» Work order: Could you retype the lines below, starting at the line holding "Thông tin sản" and stopping at the line holding "Для обустройства зала", inclusive? Copy them exactly and drop the images.

» Input data:
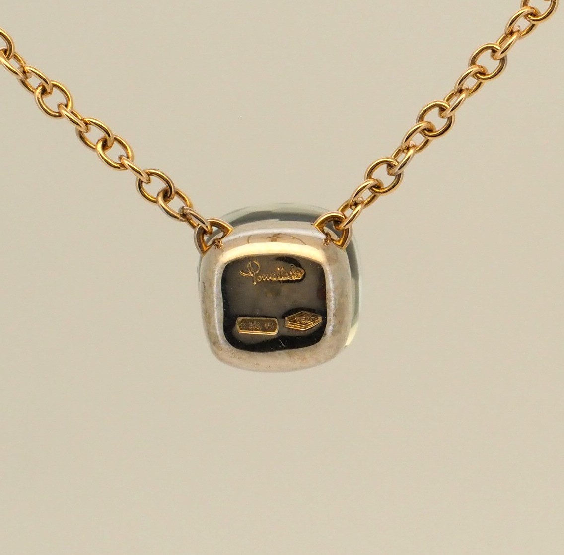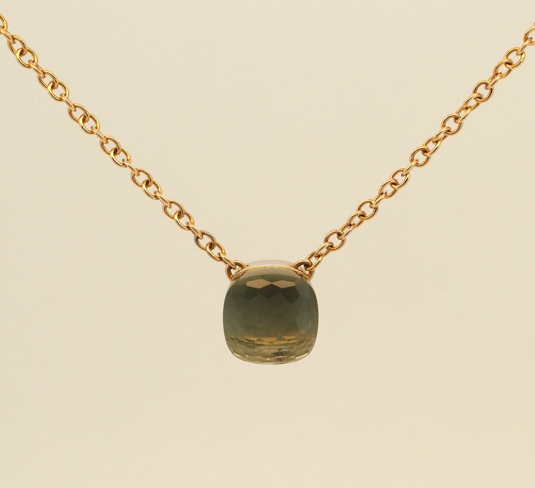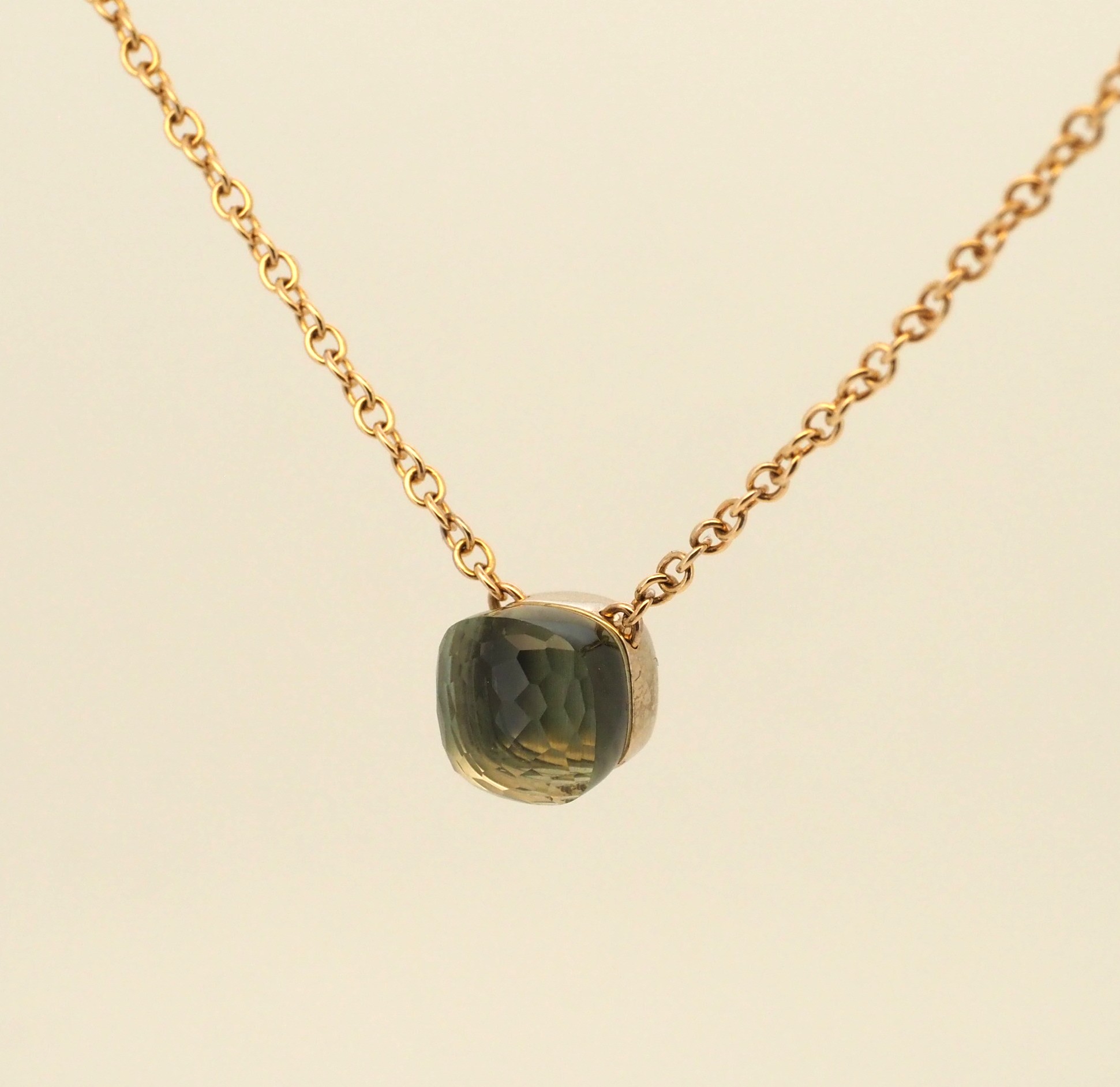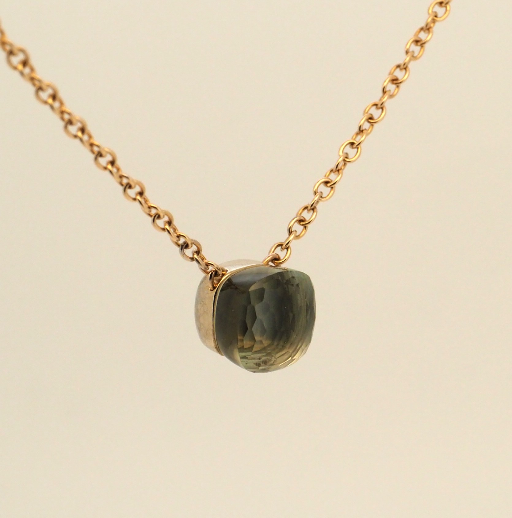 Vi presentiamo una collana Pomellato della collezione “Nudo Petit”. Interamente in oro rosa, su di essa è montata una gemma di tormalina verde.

* * *

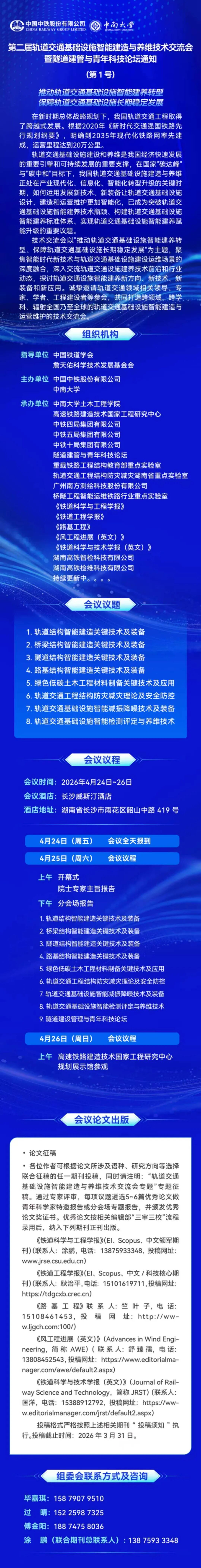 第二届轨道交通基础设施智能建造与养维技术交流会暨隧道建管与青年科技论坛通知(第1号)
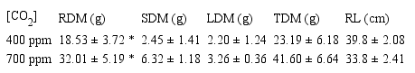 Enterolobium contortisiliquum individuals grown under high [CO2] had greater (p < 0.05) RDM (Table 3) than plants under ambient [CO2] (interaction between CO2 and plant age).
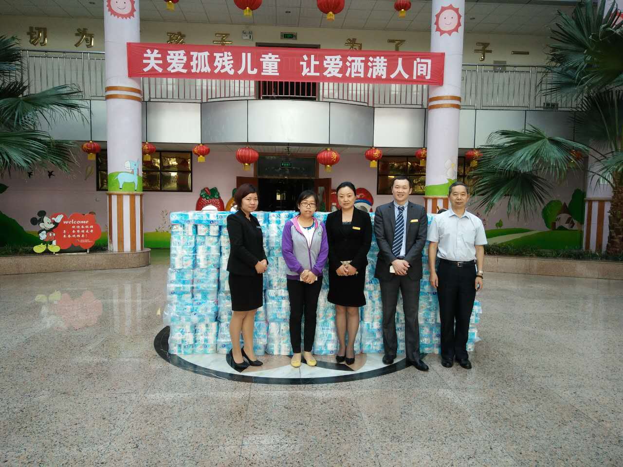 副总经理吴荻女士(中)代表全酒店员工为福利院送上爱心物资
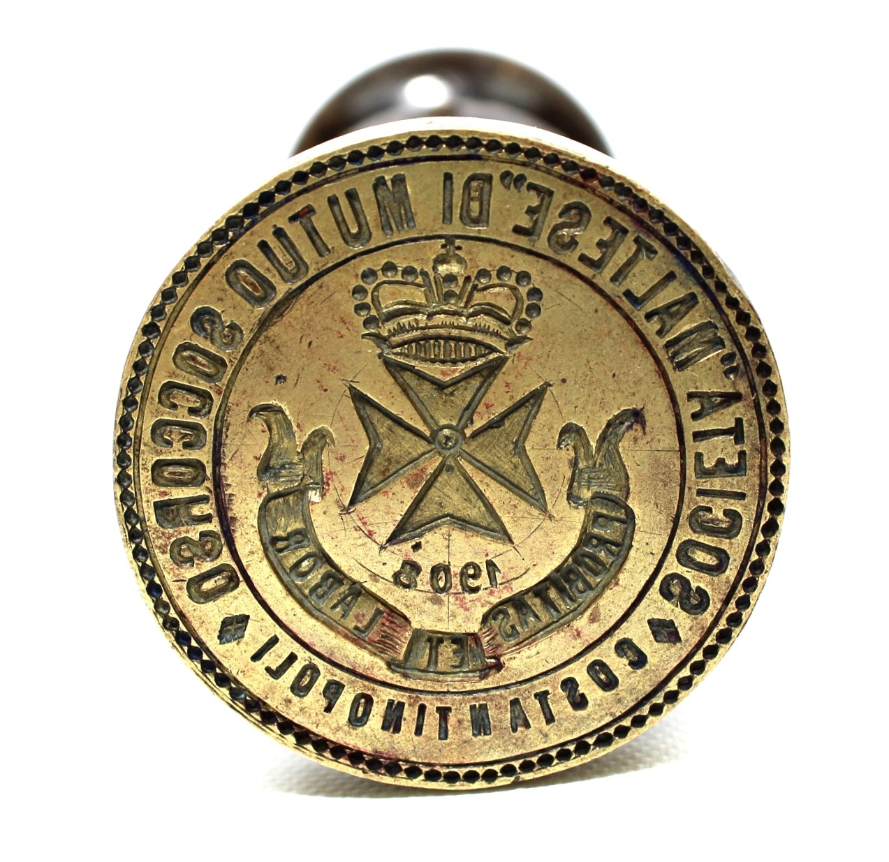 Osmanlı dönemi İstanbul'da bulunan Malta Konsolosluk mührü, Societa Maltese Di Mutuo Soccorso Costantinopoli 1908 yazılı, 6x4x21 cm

* * *

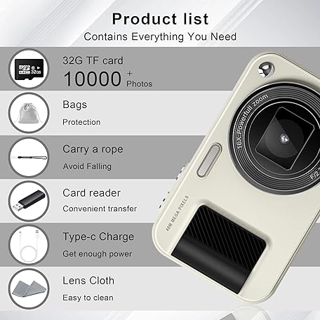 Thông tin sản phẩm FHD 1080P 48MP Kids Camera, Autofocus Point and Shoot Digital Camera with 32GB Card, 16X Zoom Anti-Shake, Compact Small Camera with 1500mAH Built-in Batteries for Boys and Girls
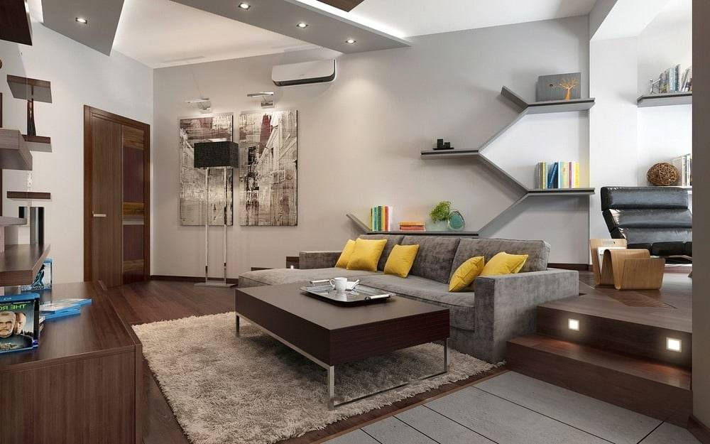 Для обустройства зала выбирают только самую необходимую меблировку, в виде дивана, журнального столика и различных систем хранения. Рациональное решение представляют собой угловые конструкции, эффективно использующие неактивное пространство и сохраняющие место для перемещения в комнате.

» Written solution:
 Thông tin sản phẩm FHD 1080P 48MP Kids Camera, Autofocus Point and Shoot Digital Camera with 32GB Card, 16X Zoom Anti-Shake, Compact Small Camera with 1500mAH Built-in Batteries for Boys and Girls
 Для обустройства зала выбирают только самую необходимую меблировку, в виде дивана, журнального столика и различных систем хранения. Рациональное решение представляют собой угловые конструкции, эффективно использующие неактивное пространство и сохраняющие место для перемещения в комнате.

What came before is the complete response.